Freezing User-Agent Strings

February 3, 2020

There's been news about Chrome freezing their User-Agent string (and all other major browsers are on board). That means they'll still have a User-Agent (UA) string (that comes across in headers and is available in JavaScript as navigator.userAgent. By freezing it, it will be less useful over time in detecting the browser/platform/version, although the quoted reason for doing it is more about privacy and stopping fingerprinting rather than developer concerns.

In the front-end world, the general advice is: you shouldn't be doing UA sniffing. The main problem is that so many sites get it wrong, and the changes they make with that information ends up hurting more than it helps. And the general advice for avoiding it is: you should test based on the reality of what you are trying to do instead.

Are you trying to test if a browser supports a particular feature? Then test for that feature, rather than the abstracted idea of a particular browser that is supposed to support that feature.

In JavaScript, sometimes features are very easy to test because you test for the presence of their APIs:

  if (navigator.geolocation) {
    navigator.geolocation.getCurrentPosition(showPosition);
  } else {
    console.warn("Geolocation not supported");
  }

In CSS, we have a native mechanism via @supports:

@supports (display: grid) {
  .main {
    display: grid;
  }
}

That is exposed in JavaScript via an API that returns a boolean answer:

CSS.supports("display: flex");

Not everything on the web platform is this easy to test, but it's generally possible without doing UA sniffing. If you're in a difficult position, it's always worth checking to see if Modernizr has a test for it, which is kinda the gold-standard of feature testing as chances are it has been battle-tested and has dealt with edge cases in a way you might not foresee. If you actually use the library, it gives you clean logical breaks:

if (Modernizr.requestanimationframe) {
  // supported
} else {
  // not-supported
}

What if you just really need to know the browser type, platform, and version? Well, apparently that information is still possible to get, via a new thing called User-Agent Client Hints (UA-CH).

Wanna know the platform? You set a header on the request called Sec-CH-Platform and theoretically, you'll get that information back in the response. You have to essentially ask for it, which is apparently enough to prevent the problematic privacy fingerprinting stuff. It appears there are headers like Sec-CH-Mobile for mobile too, which is a little curious. Who is deciding what a "mobile" device is?
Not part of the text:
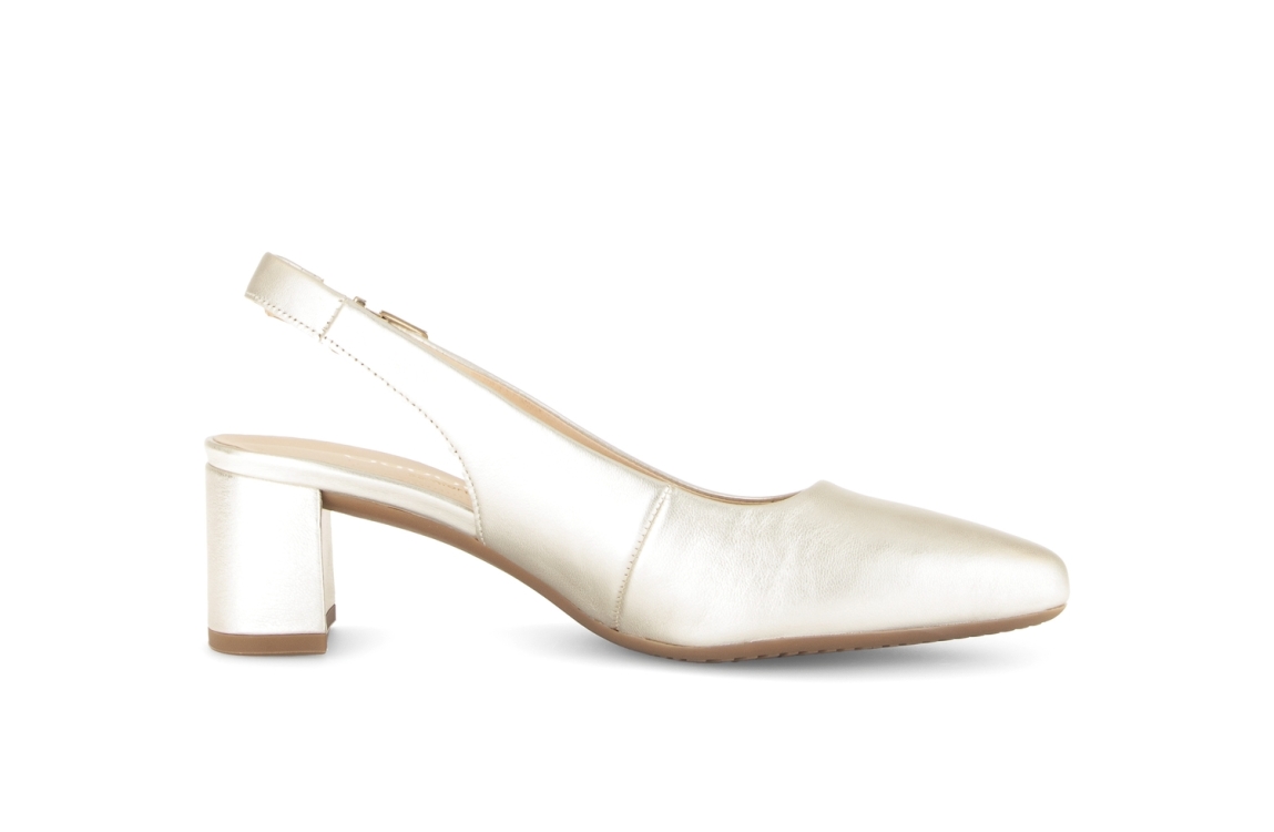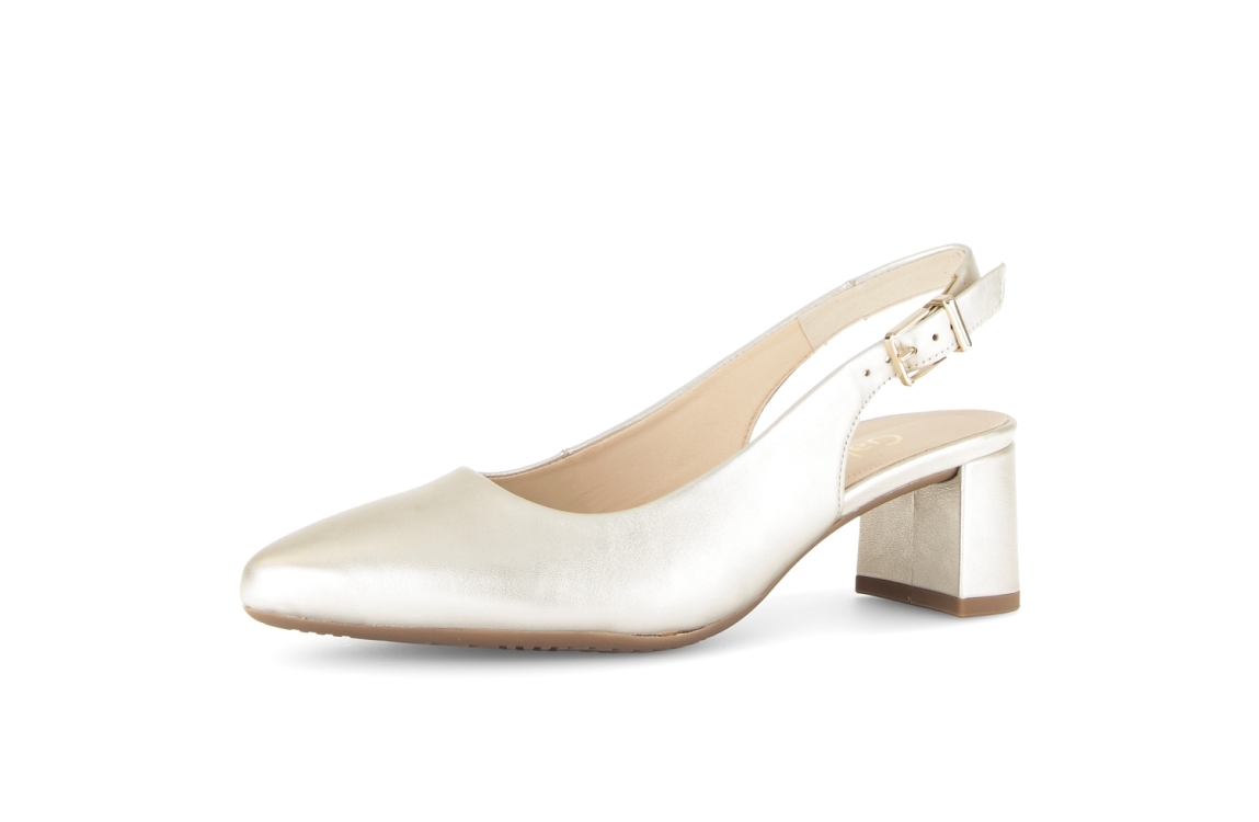 Gabor pumps 82.260.81. Dit instapmodel is voorzien van een puntige neus. Deze goudkleurige pump van Gabor is bewerkt met een beklede hak van 5 cm en sluit door middel van een gesp. Dit model heeft een open hiel.

What decisions are we expected to make with that?

Knowing information about the browser, platform and version at the server level if often desirable as well (sending different code in different situations) — just as much as it is client-side, but without the benefit of being able to do tests. Presumably, the frozen UA strings will be useful for long enough that server-side situations can port over to using UA-CH.

Jon Arne Sæterås is nervous:

Professionally, I’ve been hands on with the mobile web space and seen it develop for more than 15 years and I know that many, big and small, websites rely on device detection based on the User-Agent header. From Google's perspective it may seem easy to switch to the alternative UA-CH, but this is where the team pushing this change doesn’t understand the impact:

Functionality based on device detection is critical, widespread and not only in front end code. Huge software systems with backend code rely on device detection, as well as entire infrastructure stacks.
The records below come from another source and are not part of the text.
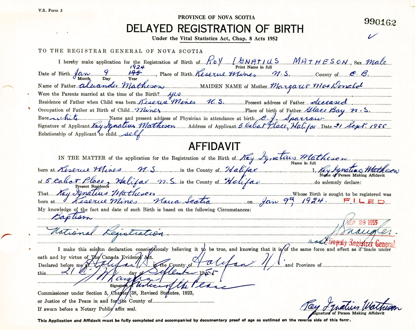 Signature of Applicant Roy Ignatius Matheson Address of Applicant 5 Cabot Place, Halifax, NS Date 21 September 1955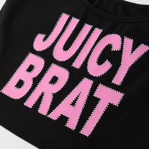 Be a Juicy Brat in this soft cotton blend tank. Featuring a bedazzled front graphic.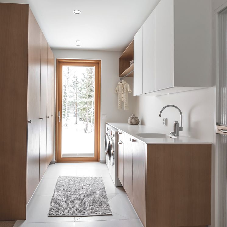 Tvättstuga är dels möblerad med samma serie som köket, dvs en Classic-lucka. Till denna har man valt att kombinera en vit PerfectSense-lucka, som för övrigt går att erhålla i totalt 11 kulörer.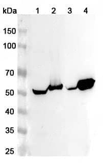 Western blot analysis was performed using anti-PPM1B polyclonal antibody at PPM1B on various samples.Lane 1:Mouse brain lysateLane 2:Mouse heart lysateLane 3:Rat brain lysateLane 4:Rat heart lysate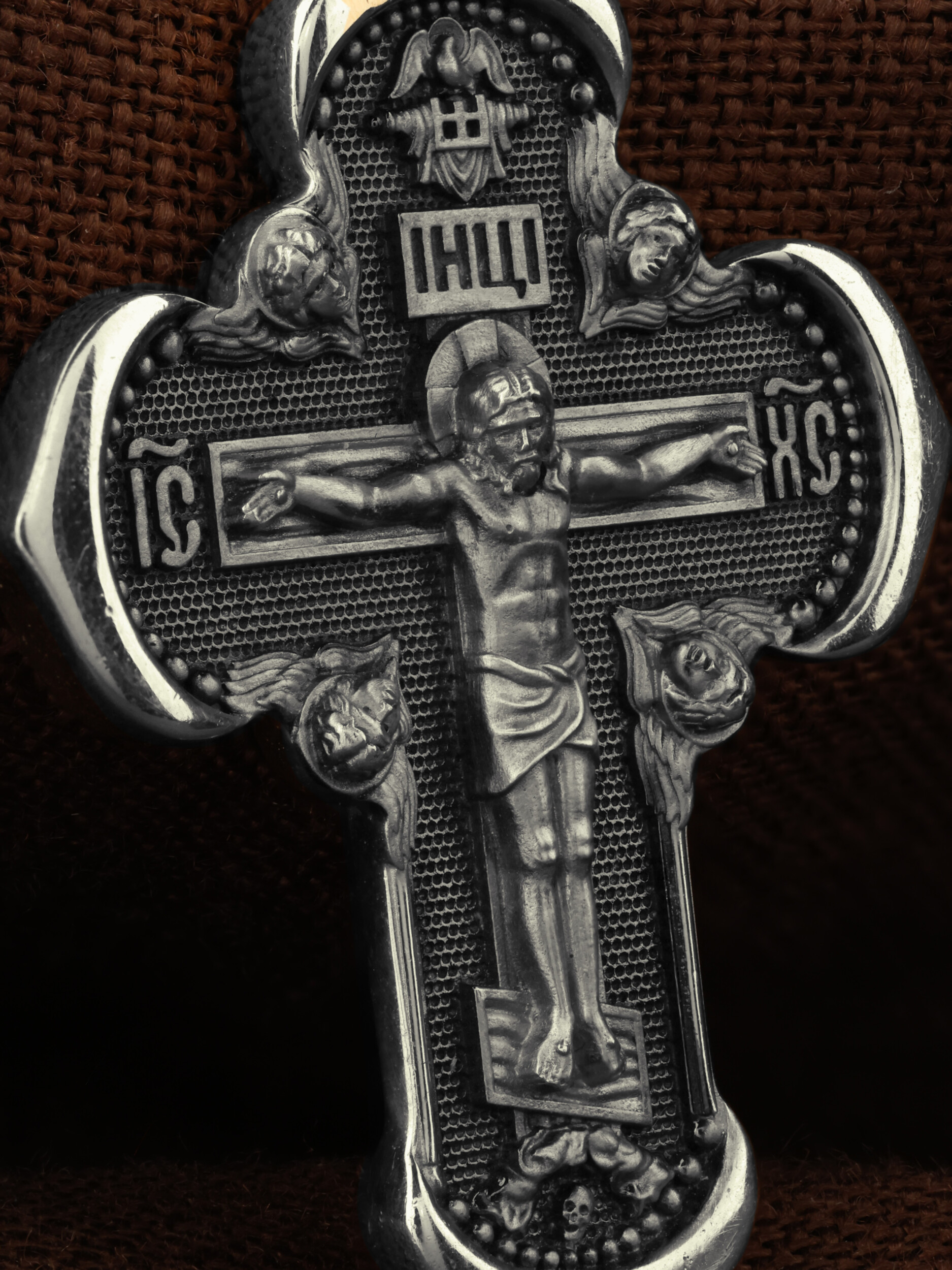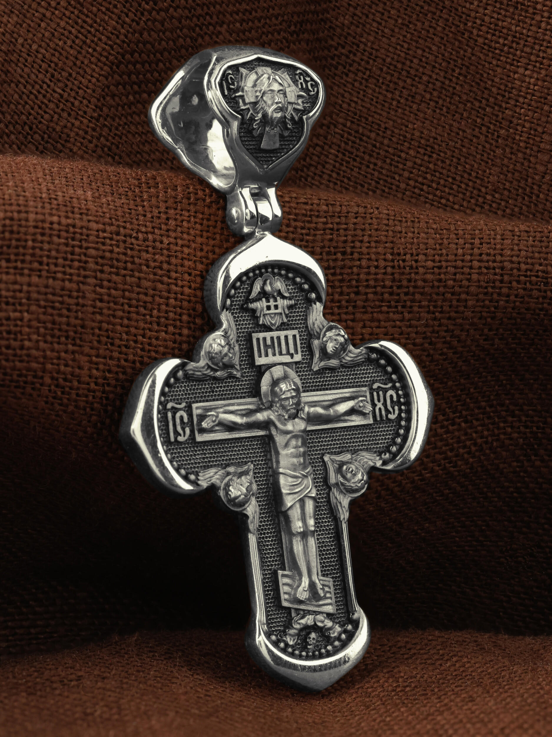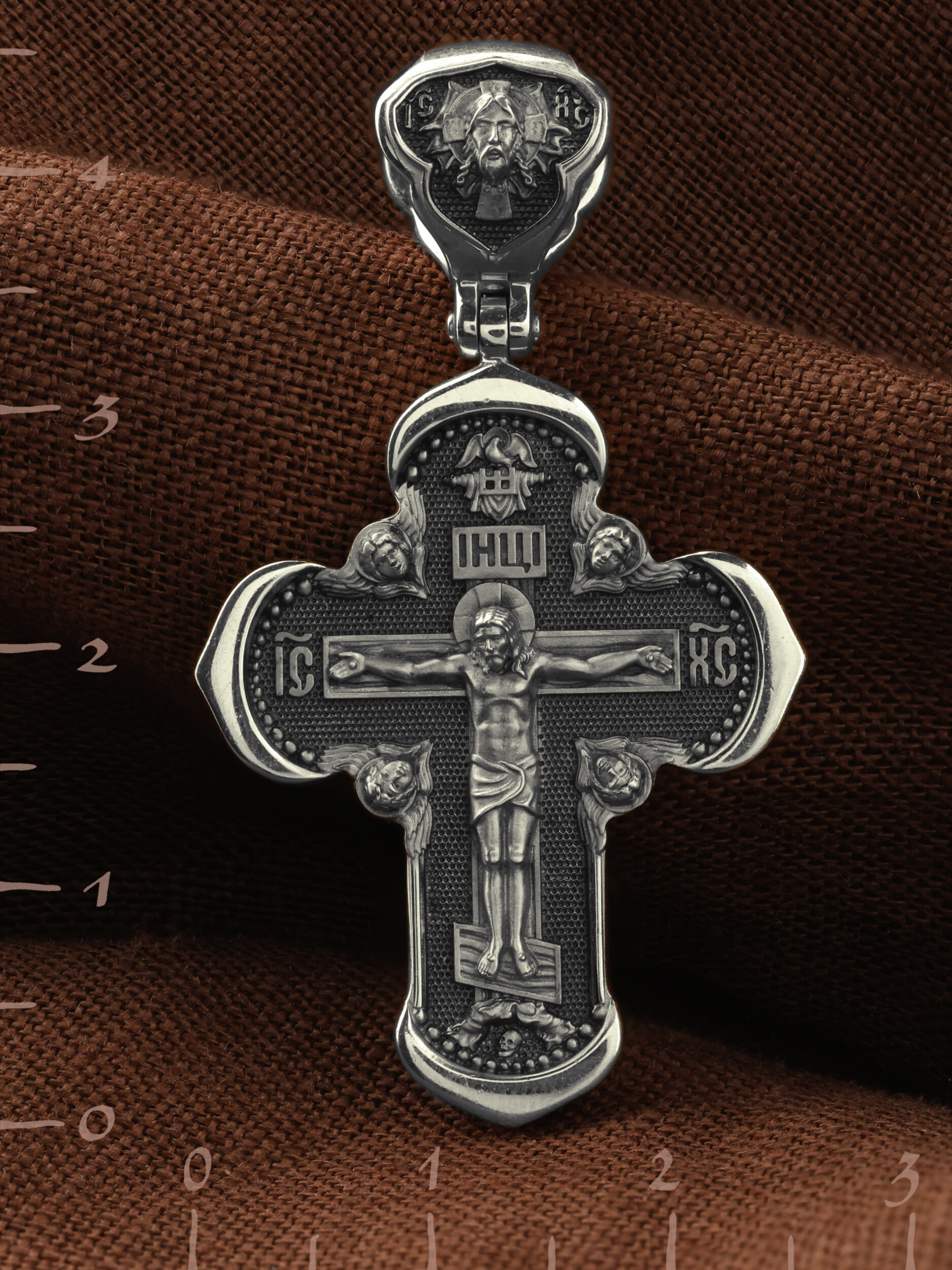 Под подножием Креста изображена покоящаяся голова (череп) Адама. Вокруг Распятия помещены изображения На лицевой стороне креста изображено Распятие Господа и Спасителя нашего Иисуса Христа. Крест- символ спасения и искупления рода человеческого, знамение победы над смертью и адом. Иисус Христос, как искупительная жертва освобождения человечества от власти греха, умер крестной смертью и в третий день воскрес. На верхней табличке, выше головы Иисуса, расположена надпись, составленная Понтием Пилатом — «IНЦI». Она означает «Иисус Назорей, Царь Иудейский». Надпись «IС» « ХС» означает Иисус Христос и помещается на разных сторонах поперечной перекладины креста. Возвышение, на котором стоит Крест, символизирует гору Голгофу, на которой произошло Распятие. Ангелов Серафимов. На кулонном кольце изображен Нерукотворный образ Господа и Спасителя нашего Иисуса Христа, чудесно отпечатавшийся на плате, котором Христос вытер свой лик.

In my most major codebase, we do a smidge of server-side UA detection. We use a Rails gem called Browser that exposes UA-derived info in a nice API. I can write:

if browser.safari?

end

We also expose information from that gem on the client-side so it can be used there as well. There is only a handful of instances of usage for both front and back, none of which look like they would be particularly difficult to handle in some other way.

In the past it's been kinda tricky to relay front-end information back to the server in such a way that's useful on the first page load (since the UA doesn't know stuff like viewport size). I remember some pretty fancy dancing I've done where I load up a skeleton page that executes a tiny bit of JavaScript that did things like measure the viewport width and screen size, then set a cookie and force-refreshed the page. If the cookie was present, the server had what it needed and didn't load the skeleton page at all on those requests.

Tricky stuff, but then the server has information about the viewport width on the server-side, which is useful for things, like sending small-screen assets (e.g.different HTML), which was otherwise impossible.

I mention that because UA-CH stuff is not to be confused with regular ol' Client Hints. We're supposed to be able to configure our servers to send an Accept-CH header and then have our client-side code whitelist stuff to send back, like:

<meta http-equiv="Accept-CH" content="DPR, Viewport-Width">

That means a server can have information from the client about these things on subsequent page loads. That's a nice API, but Firefox and Safari don't support it. I wonder if it will get a bump if both of those browsers are signaling interest in UA-CH because of this frozen UA string stuff.